- Task details:
Your output should be the exact lines from the start of the data through the line containing "웨딩 룸 레이아웃 세트", with no pictures.

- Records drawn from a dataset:
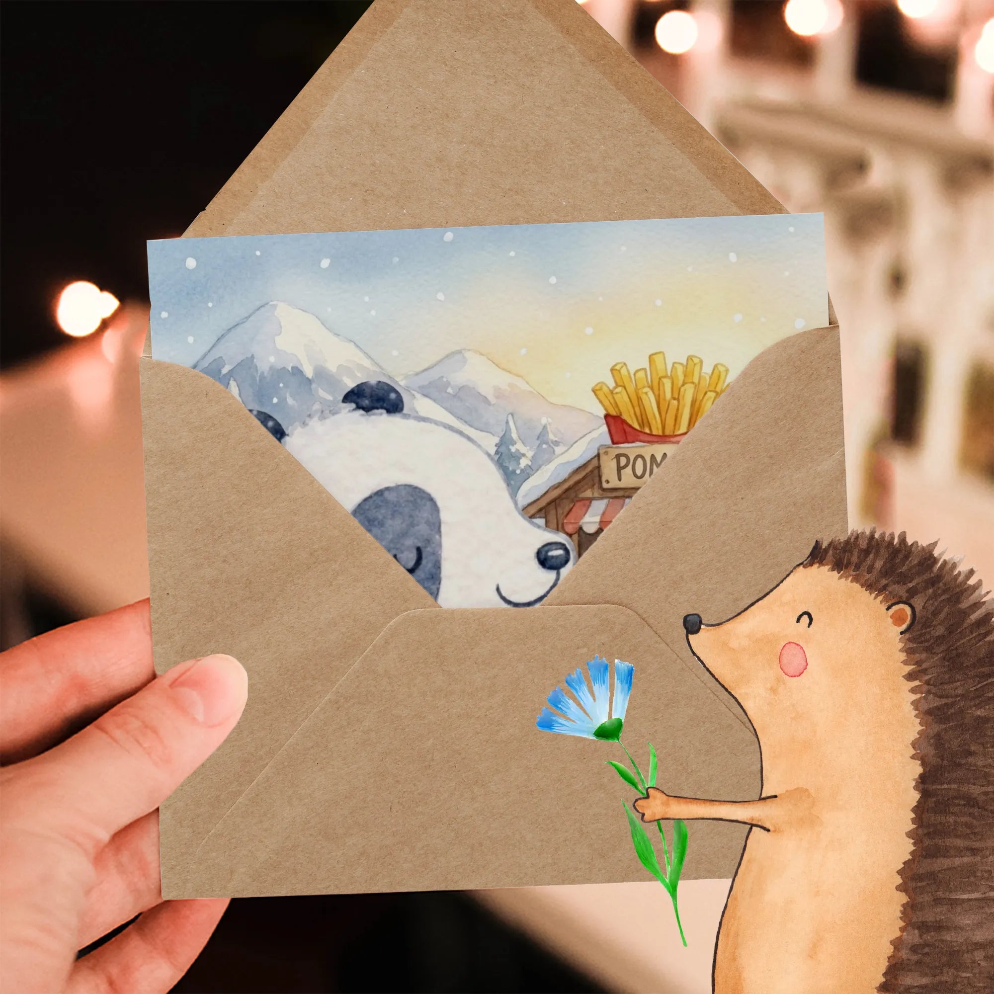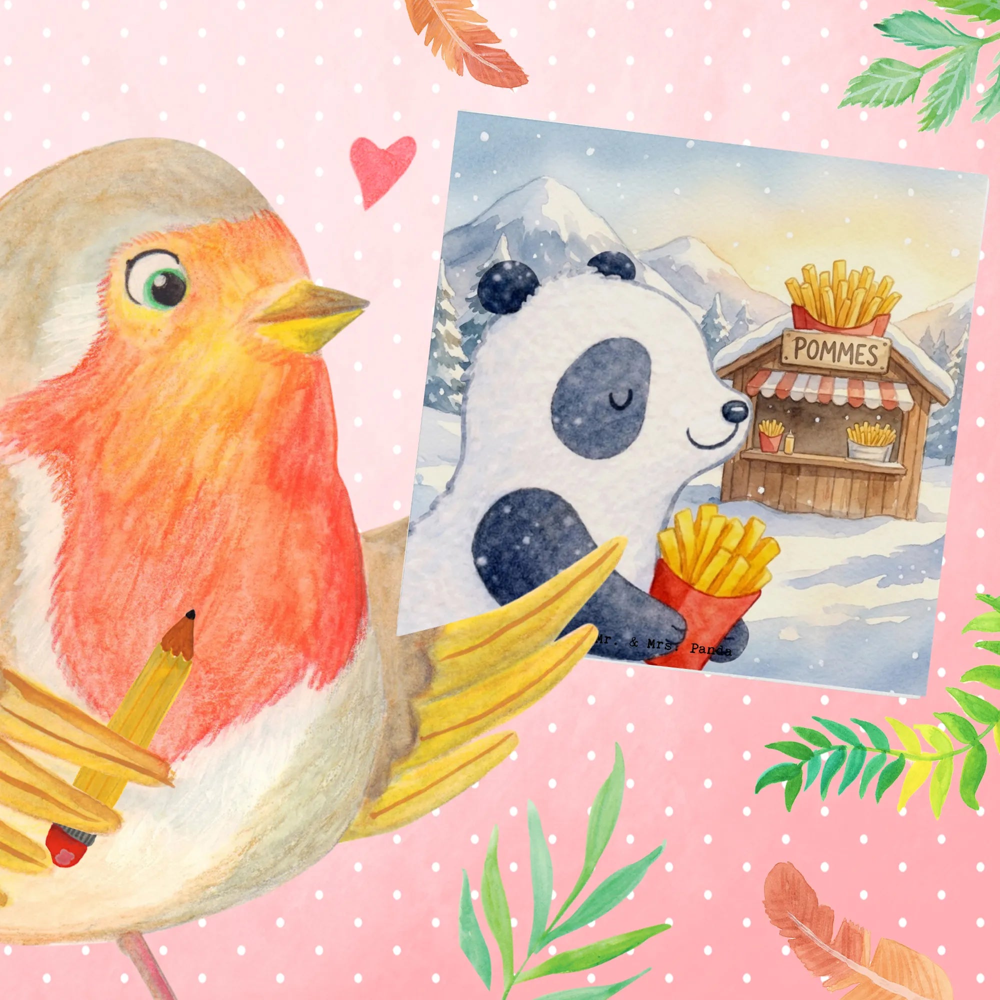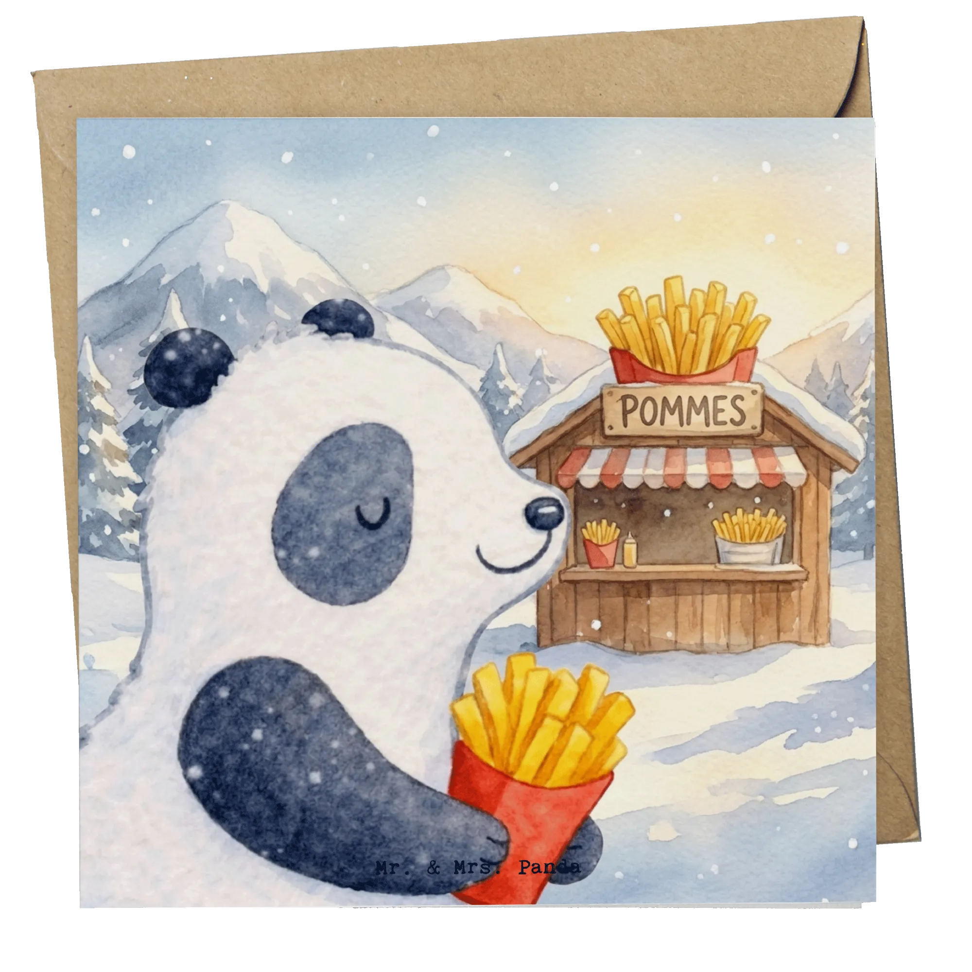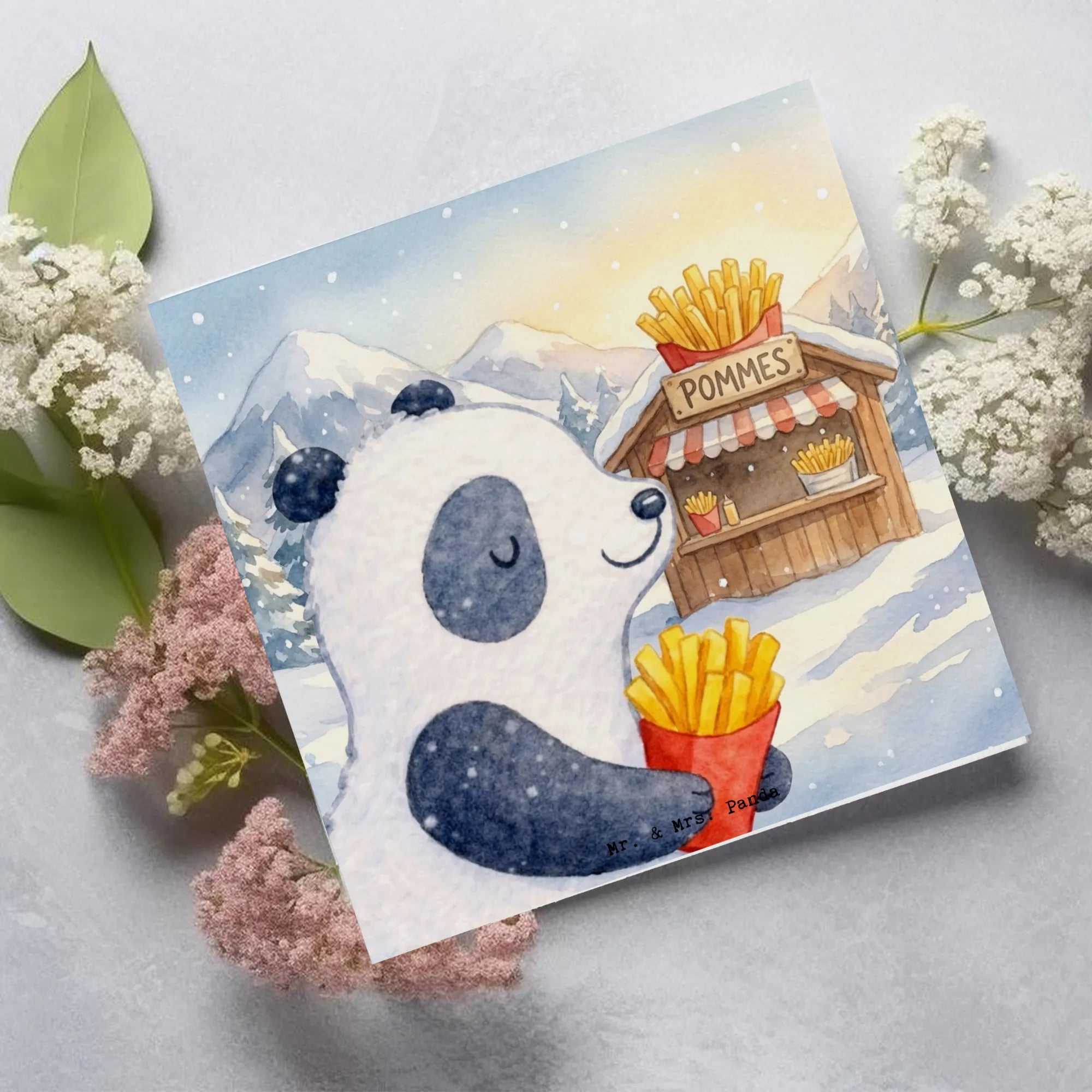 Grußkarte Panda Winter Pommes Design – Mr. & Mrs. Panda
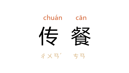 引《汉书·韩信传》:“令其裨将传餐,曰:‘今日破 赵 会食。’”颜师古 注:“服虔 曰:‘立驻传餐食也。’ 如淳 曰:‘小饭曰餐。’”宋 叶适 《宝谟阁待制徐公墓志铭》:“京师弹压,如传餐耳,况应办手掬食也,首善何所仰!”
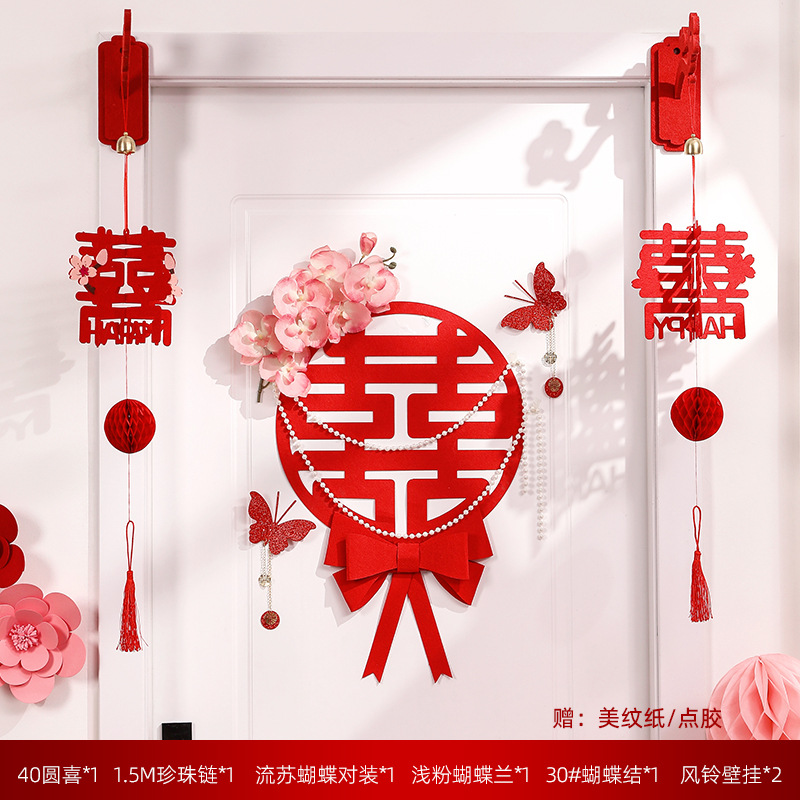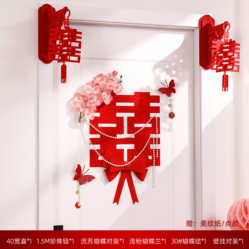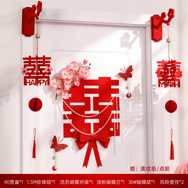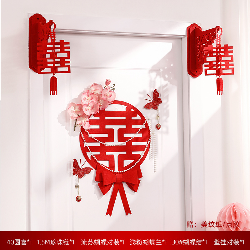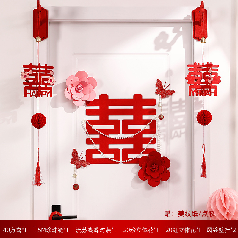 웨딩 룸 레이아웃 세트 그물 빨간 문 Xi 캐릭터 린텔 여성 침실 웨딩 룸 도어 커튼 장식
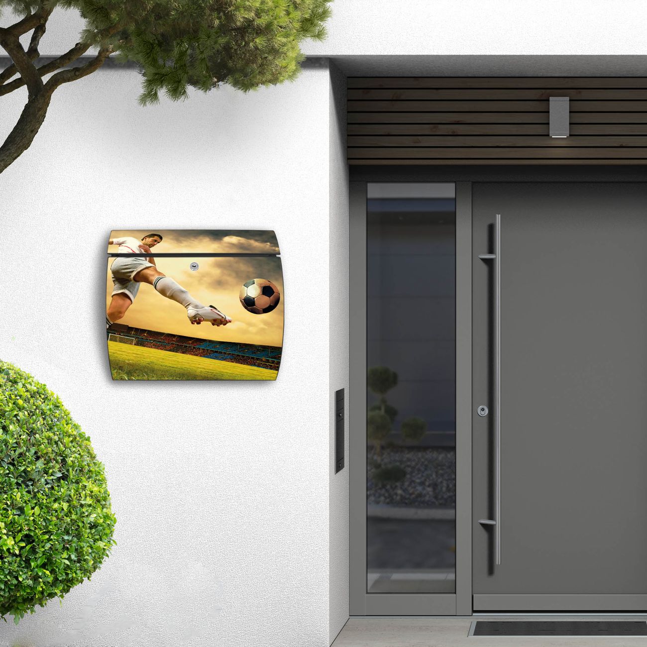 FUNKTION: DESIGN: Das Burg Wächter Modell Toscana mit Motiv Football hat ein sehr ansprechendes und zeitloses Design und ist besonderes wetterfest. Heben Sie Sich von der tristen grauen Masse ab, ohne auf Funktionalität zu verzichten. Wir bieten Ihnen ebenfalls Namensschilder, bereits beschriftet oder frei zu beschriften, und verschiedene selbst gestaltete Bitte-Keine-Werbung-Aufkleber. DETAILS: Der Postkasten besteht aus vollflächig verzinktem Stahl welcher in Anthrazit oder Weiß lackiert wurde oder aus Edelstahl (je nach gewählter Variante). Das Motiv besteht aus einer wetter- und UV-festen Folie, die mit einem Schutzlaminat überzogen ist, durch die Ihren Briefkasten zusätzlich vor Kratzern geschützt ist und auf den Briefkasten kaschiert wurde. Sie erhalten zu Ihrem neuen Design Briefkasten 2 Schlüssel sowie das passende Montagematerial. BANJADO: Ihr Briefkasten wird von Burg Wächter in Deutschland gefertigt und in unserer kleinen Manufaktur von Hand veredelt. Die Motivfolie ist lösungsmittelfrei und schutzlaminiert, dies sorgt für einen langen Halt. Wir legen großen Wert auf die Verbindung von Funktionalität und Design. Sie erhalten besondere Handarbeit aus Sachsen und Made in Germany.
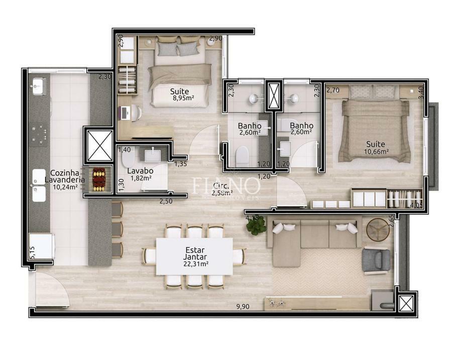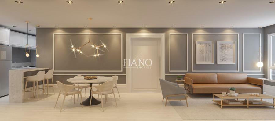 Apartamento com 2 suítes, lavabo, living integrado estar e jantar com sacada e espera para lareira, cozinha com churrasqueira, área de serviço e um box duplo de garagem.

- Output for this exercise:
 Grußkarte Panda Winter Pommes Design – Mr. & Mrs. Panda
 引《汉书·韩信传》:“令其裨将传餐,曰:‘今日破 赵 会食。’”颜师古 注:“服虔 曰:‘立驻传餐食也。’ 如淳 曰:‘小饭曰餐。’”宋 叶适 《宝谟阁待制徐公墓志铭》:“京师弹压,如传餐耳,况应办手掬食也,首善何所仰!”
 웨딩 룸 레이아웃 세트 그물 빨간 문 Xi 캐릭터 린텔 여성 침실 웨딩 룸 도어 커튼 장식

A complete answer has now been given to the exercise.